⑤ Return: LogAnalysisResult — issue list with severity scores, capacity breach flag (bool + breach percentage), top 5 recommended actions, anomaly correlation with BHOM counters.

Step 3b · UC2 Agent D · Triggered by: Agent C result with capacity_breach=true

Agent D — Capacity Planner

Who: Dedicated Python microservice (agent-capacity-planner)
When: Conditionally dispatched — the Orchestrator's routing logic checks LogAnalysisResult.capacity_breach == true. If false, Agent D is never invoked and the graph proceeds directly to output. If true, Agent D is dispatched. This conditional edge is a core LangGraph routing pattern — if breach detected → route_to_agent_d else → route_to_output.
Where: Same Kubernetes namespace, lighter pod (2 vCPU, 4Gi)
How:

① Receive: LogAnalysisResult + historical KPI trends from the State Store (Valkey cache of recent Kalix metrics)
② RAG Query: Queries Qdrant nok-kb-uc2 for Network Infrastructure Platform capacity planning guidelines, CMG-C scaling procedures, and prior capacity enhancement case studies from the Network Infrastructure Platform knowledge base
③ LLM Gateway Call: GPT-4.1 with Network Infrastructure Platform Capacity Planning Engineer persona. Prompt contains: current breach metrics, trend data, RAG context (planning guidelines). Output: capacity enhancement proposals in structured format with priority ranking, estimated effort, and risk assessment.
④ Return: CapacityPlan — 3–5 enhancement proposals, each with: recommendation text, affected nodes, priority (P1/P2/P3), estimated capacity gain percentage, implementation complexity.
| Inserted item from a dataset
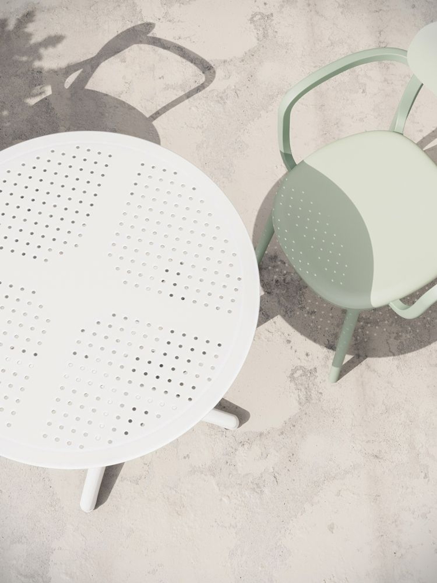 Zarif silueti ile minimal bir tasarıma sahip Rayna Masa, delikli yüzeyi ile dikkat çekiyor. Ekstrüde alüminyumdan borunun, dört çapraz ayak oluşturacak şekilde açılarak ayrılması ile kolayca istiflenebilen Rayna masa, hem iç hem de dış mekanda rahatlıkla kullanılabilir. Katlanabilir tablası seçeneği ile yer kullanımında da minimal tavrını koruyan Rayna; kompakt bir çözüm sunar

Step 4 · Aggregation · Triggered by: All dispatched agents returned

Orchestrator Aggregator Node — Merge, Gate, Route

Who: Orchestrator (LangGraph aggregator node)
When: Executes when all parallel/sequential agent branches for a given graph run have completed (or timed out with partial results)
How: Collects all AgentResult objects from Valkey state. Applies confidence gate (re-routes below-threshold agents, max 2 retries). Constructs final output payload. Routes to appropriate sink(s): UC1 → BHOM REST API, UC2 (on-demand) → NOK Agent Interface response, UC2 (scheduled) → digest queue. Writes full audit record to PostgreSQL. Finalizes LangSmith trace.

Step 5 · Output · Final delivery to consuming systems

Output Sinks — BHOM / NOK Agent UI / Scheduled Digest

BHOM / Helix GPT (UC1): Orchestrator calls the BHOM REST API with the enriched anomaly + RCA result as structured JSON. Helix GPT ingests this as additional context for its Next Best Action generation. The NOC operator sees enriched incident details directly in the BMC Helix AIOps interface.

NOK Agent Interface (UC2 on-demand): The Orchestrator returns the LogAnalysisResult (and optionally CapacityPlan) to the FastAPI response stream that the operator's browser is connected to. Rendered as a conversational response in the NOK Agent bot interface.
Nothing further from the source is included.